Terminal 3, the largest, opened in 2008 with skylights, a wall of windows and an interior wall covered in plants rotated out of the airport's greenhouse. It is a city unto itself: dry cleaners, medical center with everything from dental care to fertility treatments, a grocery store, pharmacy, flower shop, jewelry stores, clothing stores and an indoor amusement park for kids with a balloon bounce house.
The 18th-busiest airport in the world by passengers, Changi is smaller than New York's Kennedy Airport and Amsterdam's Schiphol but larger than Shanghai and Houston's Bush Intercontinental, and is a prime connecting point for flights linking north and south Asia as well as Europe and Oceania. It's not just a hub for Singapore Airlines, but also a refueling stopover for European and Australian carriers. So the airport offers plenty of activities for travelers with time on their hands.
"We wanted to transform the way travel is done and create a stress-free experience," said Foo Sek Min, executive vice president of Changi Airport Group Ltd., the airport's operator.

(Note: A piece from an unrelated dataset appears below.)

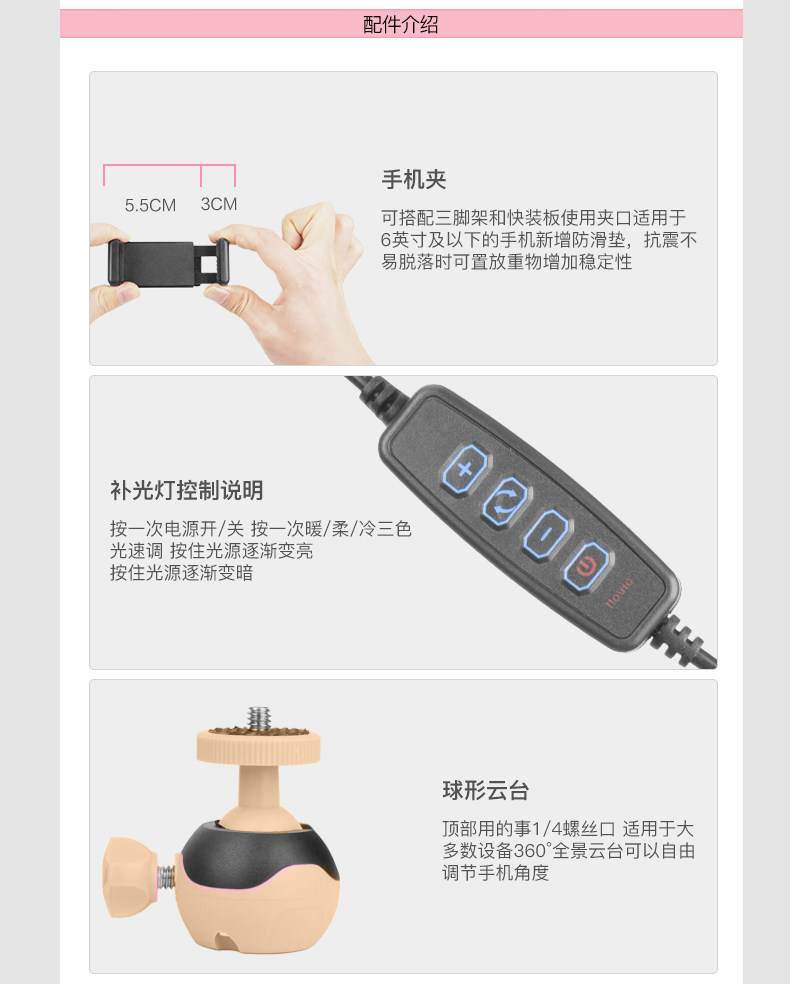 Мобильный телефон, трубка, штатив, настольный заполняющий свет, дорожное универсальное напольное оборудование

It was "corporatized" into a state-owned company in 2009 and has had plenty of government support, since the airport is considered a key economic development element for the small, fast-growing island nation.
Mr. Foo's personal pet project: a butterfly garden. Soothing and relaxing, it's a two-story tropical garden overlooking gates for Singapore Airlines super-jumbo A380 jets. Since smoking isn't allowed indoors, the original concept was a smoking garden. "Why not do more?" he said.
Changi also has a private terminal called "Jet Quay" that is used by celebrities, private jet-setters, government officials, CIPs—Commercially Important Persons—and anyone else willing to pay. For about $1,150, you get jet-side limo service. For $231 you get the use of a private terminal along with golf-cart rides to gates. For $62, Jet Quay personnel will greet you at arrival and escort you through main terminal areas.
Few of the airport's 28,000 workers actually are employed by Changi Airport Group, but airport management requires new hires to go through a weeklong indoctrination on the airport, its layout and service standards and training on how to help travelers.
"Serving the customer well always correlates with earning money," said Mr. Foo. "Do you need a swimming pool in an airport? No. No one asked for that. We are creating the market, creating the demand. People choose Singapore because they can swim."
Bill Franke, former chairman of America West Airlines who now runs a private equity group that invests in airlines, knows Changi as both an airline operator, having founded Tiger Airways in Singapore, and as a frequent traveler. The quick baggage delivery, easy immigration and security set-ups, pleasant surroundings and sounds all contribute to efficiency, he said.
"When I come into Changi, there's a sense of comfort, a feeling which I don't have at other airports," Mr. Franke said.
Customer service is apparent. Feedback kiosks are scattered throughout. In bathrooms, seemingly always clean and appointed with small flowers, touch screens by sinks ask customers to rate the facility.
Mining company executive Kevin Swendson, heading home to Indonesia after a business trip to Singapore, stopped in at one of the airport's two movie theaters to watch "Fast and Furious 5." The theater has surround-sound audio, wide aisles for maneuvering luggage and patrons who quickly say, "Shhhhhhh!" to anyone talking.
"A lot of airports are boring like hell. But there's a movie here, massage here, food here. It's great," he said. His advice for other airports: "Just have a good imagination and a bit of spice. It doesn't seem that it would be that hard for airports to do it."